True Crime Video Examples

True crime content has emerged as one of the most consistently high-performing topic categories in short-form video, drawing massive audiences through a combination of narrative tension, genuine curiosity, and the human impulse to make sense of disturbing events. What makes the format particularly well-suited to platforms like TikTok and Instagram is its natural storytelling arc — true crime almost always has a beginning, a middle, and a reveal, which maps cleanly onto the compressed attention windows of short-form video.

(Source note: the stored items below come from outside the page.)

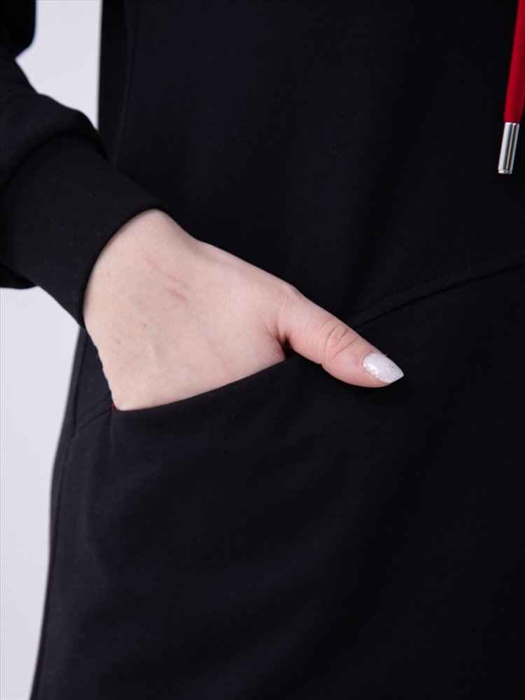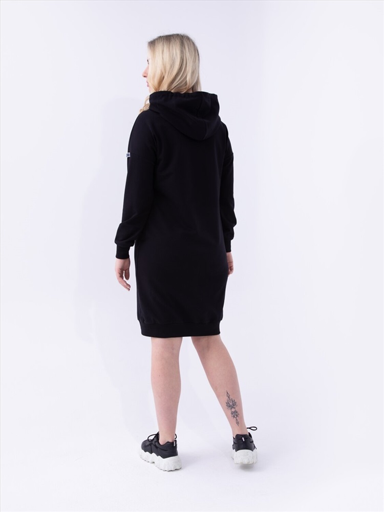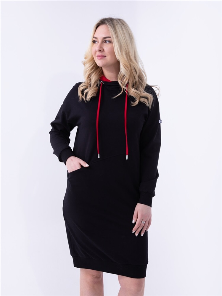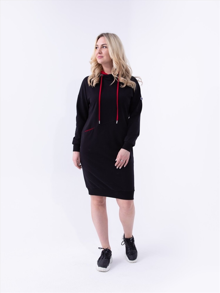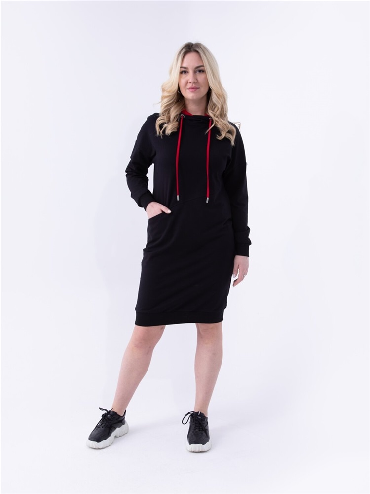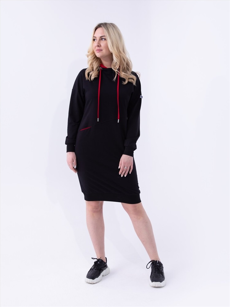 Платье однотонное,свободного силуэта с капюшоном ,выполнено из трикотажного полотна футер 3-х нитка с эластаном.Линия плеча спущена.Рукав втачной,длинный.Низ изделия и рукава обработан манжетом из кашкорсе.По переду платья косой подрез в котором есть карман.Карман полноценный из контрастной ткани кашкорсе. Модель относится к стилям спортивный шик или спорт кэжуал, поэтому носить его можно и с кроссовками, и со стильными ботинками. Удобное трикотажное платье - беспроигрышное решение для любого случая!.Длина рукава:63 см.Параметры модели: 91/70/101 рост 178
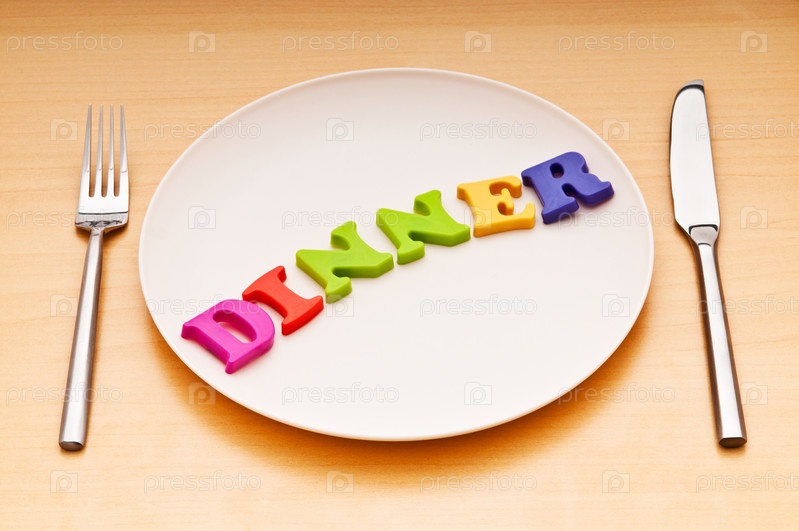 Тарелка с буквами DINNER на столе
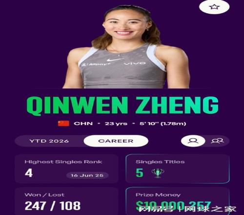 中國一姐鄭欽文確認出戰這項賽事,同時,還有一條關於小鄭同學的好消息傳來,這就是WTA官網最新數據顯示,在印第安維爾斯站之後,鄭欽文的職業生涯總獎金突破了1000萬美元,成為繼李娜和張帥之後,第三位達成這一成就的中國大陸球員。恭喜她!
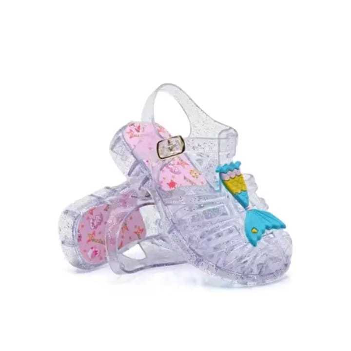 Sandália de Menina Rosa Infantil Com Brilho Desenho Sereia Princesa Transparente
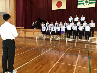 今週最後の合唱練習でしたね。1年4組は明日から産前休暇に入る担任の先生のために素晴らしい歌を贈っていました。
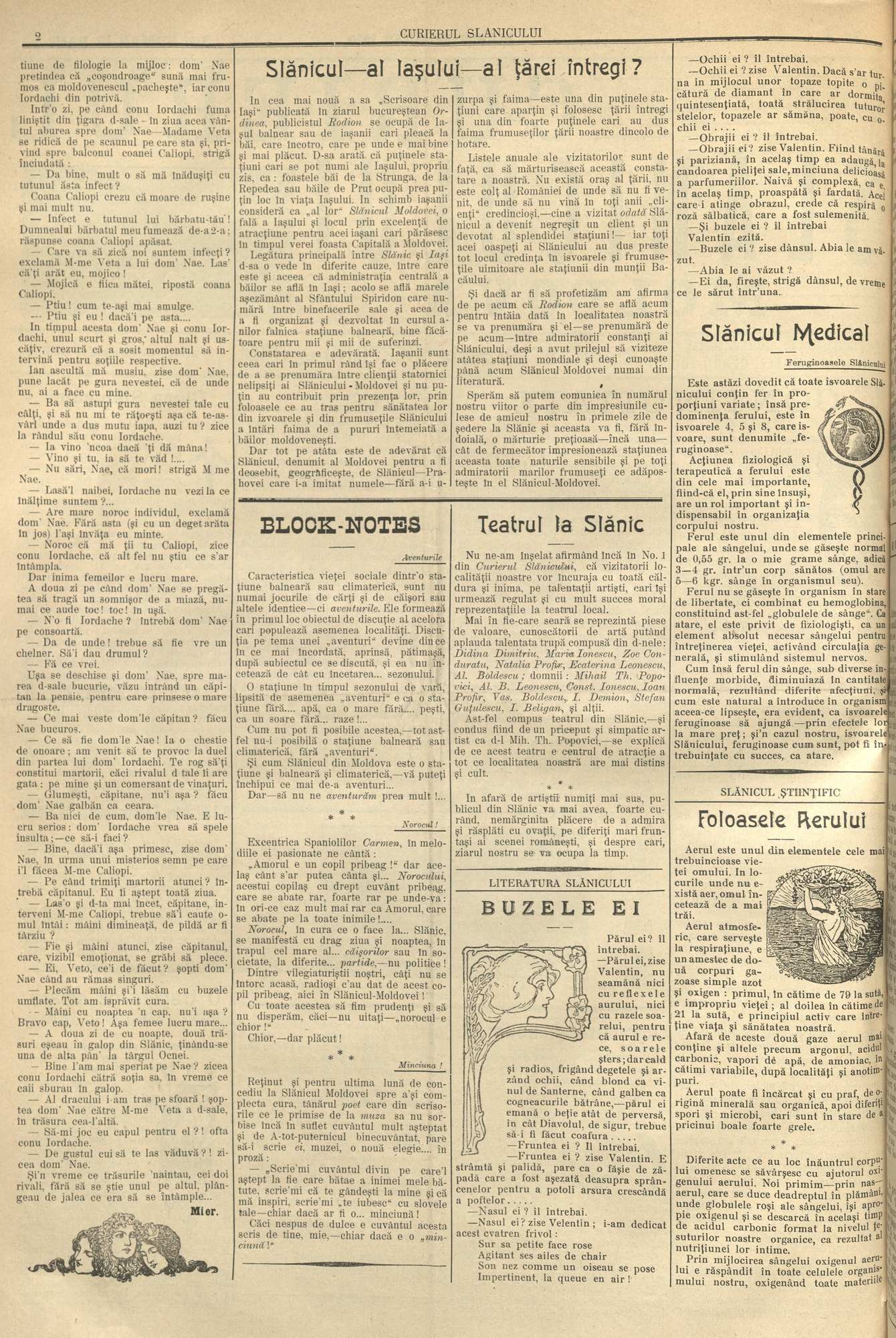 Din rubrica ,,Block-Notes” aflăm că o caracteristică a vieții sociale dintr-o stațiune balneară o constituie, nu doar jocurile de noroc, sau de căișori, sau altele identice, ci și ,,aventurile”, pentru că ele formează în primul rând, obiectul de discuție al acelora care populează asemenea localități: ,,Discuția pe tema unei `aventuri` devine din ce în ce mai încordată, aprinsă, pătimașă, după subiectul care se țese și ea nu încetează decât o dată cu încheierea sezonului. O stațiune pe timpul verii lipsită de asemenea `aventuri` este ca o stațiune fără… apă, ca o mare fără… pești, ca un soare fără… raze! Cum nu pot fi posibile acestea, tot astfel nu e posibilă o stațiune balneară sau climaterică, fără `aventuri`. Și cum Slănicul din Moldova este o stațiune și balneară și climaterică, vă puteți închipui ce de aventuri… Dar să nu ne aventurăm prea mult!”.
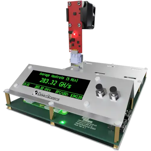 The all-new GekkoScience SmartHub! Featuring an integrated Raspberry Pi 2 Zero, this hub allows any GekkoScience mining gear to be pretty much plug and play. The integrated Raspberry Pi 2 Zero computer means no external computer is necessary. A CompacF Stick is included. 250 – 300 GH/s of mining out of the box!
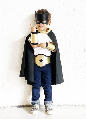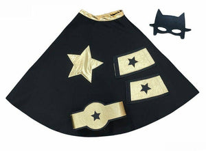 Das schwarz-goldene Superhelden-Kit beinhaltet: 1 schwarzer Umhang mit goldenem Stern, zwei goldene Manschetten mit schwarzem Stern, ein goldener Gürtel mit schwarzem Stern und eine Maske.
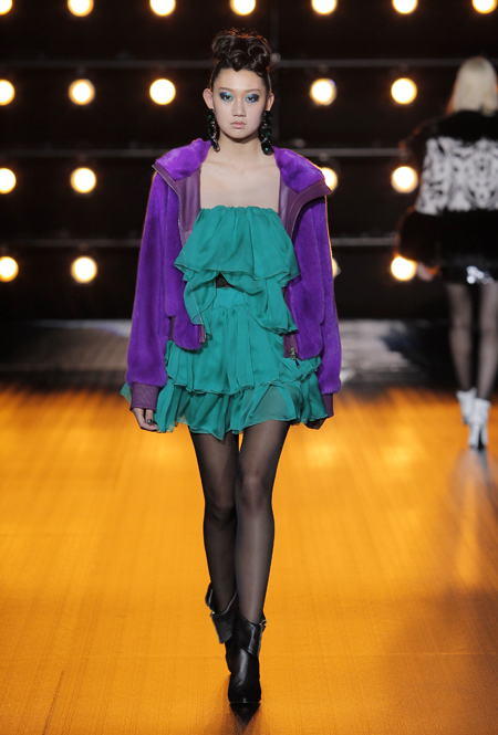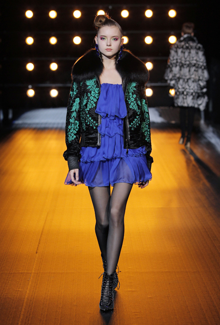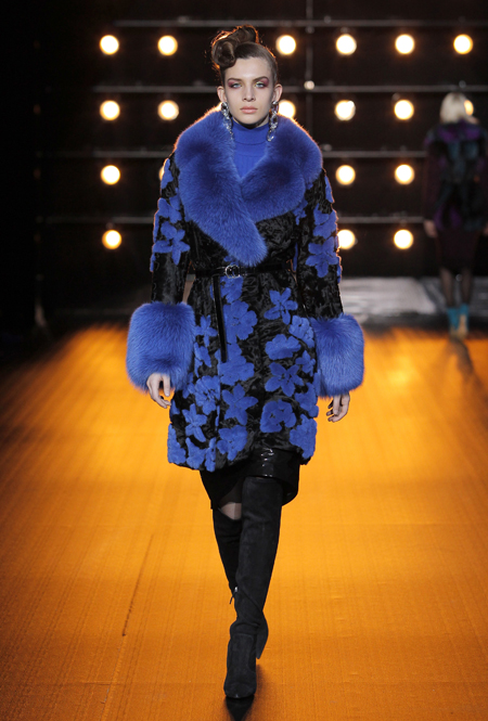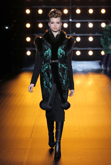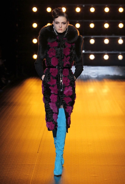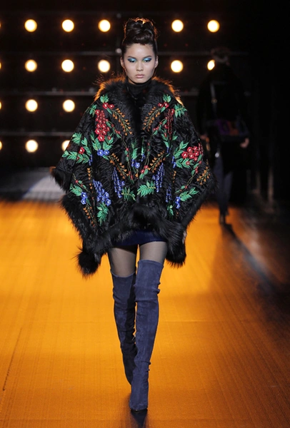 В новой коллекции, как гласит пресс-релиз, «как никогда чувствуется вдохновение русской культурой», а сама она — «воплощение образа современной аристократической женщины». Понятно, почему: львиная доля клиенток бренда — обитательницы постсоветского пространства, для которых разноцветные шубы, выполненные в сложных техниках, — лучшее украшение в сезон холодов.
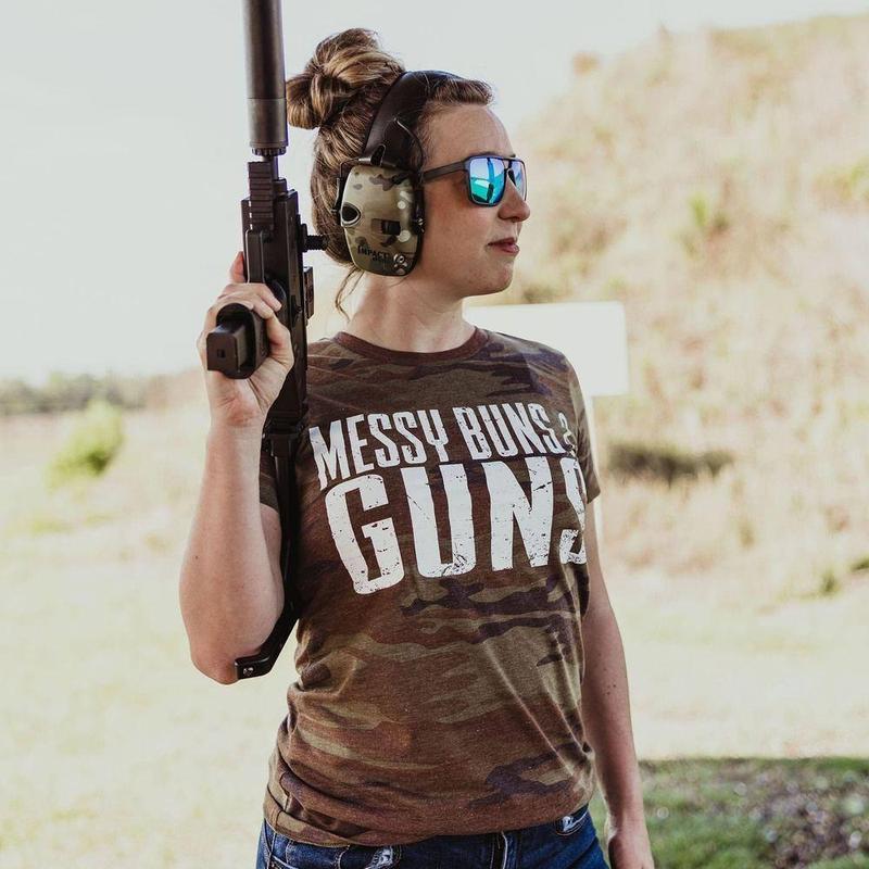 Woodland Camo Messy Buns & Guns for WomenQuantities are limited, get them before they are gone. Additional discounts do not apply to marked down items.MATCH MADE IN 'MERICAWe've taken a classic design showing our love for Messy Buns and Guns and put it on the Woodland Camo colorway! Pair a messy bun with some strong guns and feel the pride of being an American!So rock your messy bun and let the guns run proudly, because expressing your Second Amendment right is a patriotic duty. Show off your right to bear arms by ordering your Women's Woodland Camo Messy Buns & Guns Tee today!Our Women's Woodland Camo Graphic Tees are crafted with the following details:
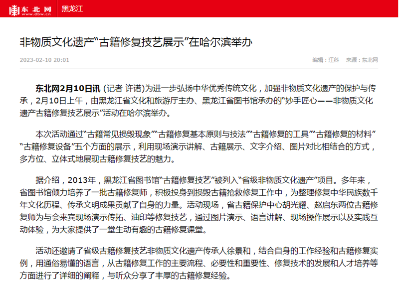 非物质文化遗产“古籍修复技艺展示”在哈尔滨举办
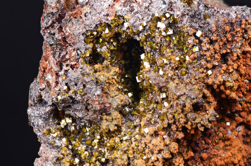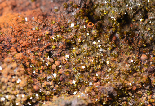 Olive green pseudocubic xls of Farmacosiderite scattered on matrix. Quite uncommon specie for Sardinia, well represented, though in micro xls. Former P. Bamberga collection.
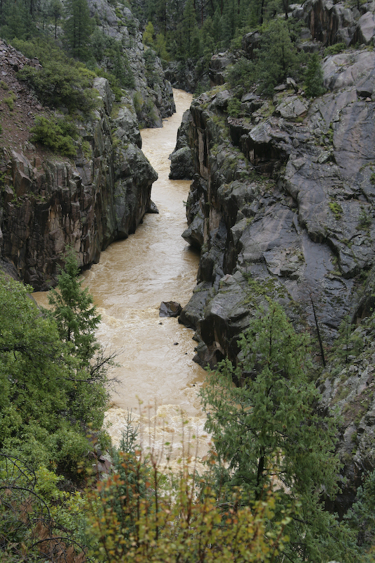 We cross the Animas river for the first time of the day. It had been raining heavily all night; note the color of the water. It is carrying a full load of silt.
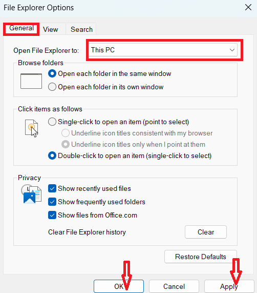 - Wählen Sie dann die ausAllgemeinTab und hineinÖffnen Sie den Datei-ExplorerwählenDieser PC.

The top-performing true crime videos reveal a counterintuitive but highly effective creative pattern: incongruity between setting and subject matter dramatically amplifies engagement. @swaggylaggygolfdaddy has built one of the most compelling case studies in this space, generating over 4.1 million views on a single video by explaining conspiracy theories while casually playing golf. The relaxed, almost absurdist backdrop creates a tonal contrast that disarms viewers and encourages longer watch times — the brain stays engaged partly because it's trying to reconcile the leisure activity with the gravity of the content. Across multiple videos in this format, the creator has accumulated tens of millions of cumulative views, suggesting this isn't a one-time anomaly but a repeatable structural formula. The like-to-view ratios, consistently hovering around 8–9%, indicate strong emotional investment from the audience, well above typical benchmarks for informational content.

More traditional approaches to true crime also perform, though they tend to require stronger production or journalistic credibility to break through. @theoregonian's reporter-style crime timeline breakdown and @yoonj_kim's investigative vlog into forged real estate deeds both demonstrate that documentary-adjacent formats retain a dedicated audience, particularly when the subject matter feels locally grounded or procedurally specific. These videos tend to attract viewers who are less interested in entertainment and more invested in genuine understanding — a slightly different audience segment, but one with high retention and comment engagement.

For content creators and marketers studying true crime as a topic, the core lesson is that the most shareable versions of this content balance informational density with personality-driven delivery. Whether that means explaining a decades-old conspiracy from a golf fairway or walking through court documents in a straightforward talking-head format, the throughline is a narrator who feels both knowledgeable and accessible. True crime rewards creators who can make complexity feel manageable, and short-form platforms reward those who can do it in under sixty seconds without losing the thread.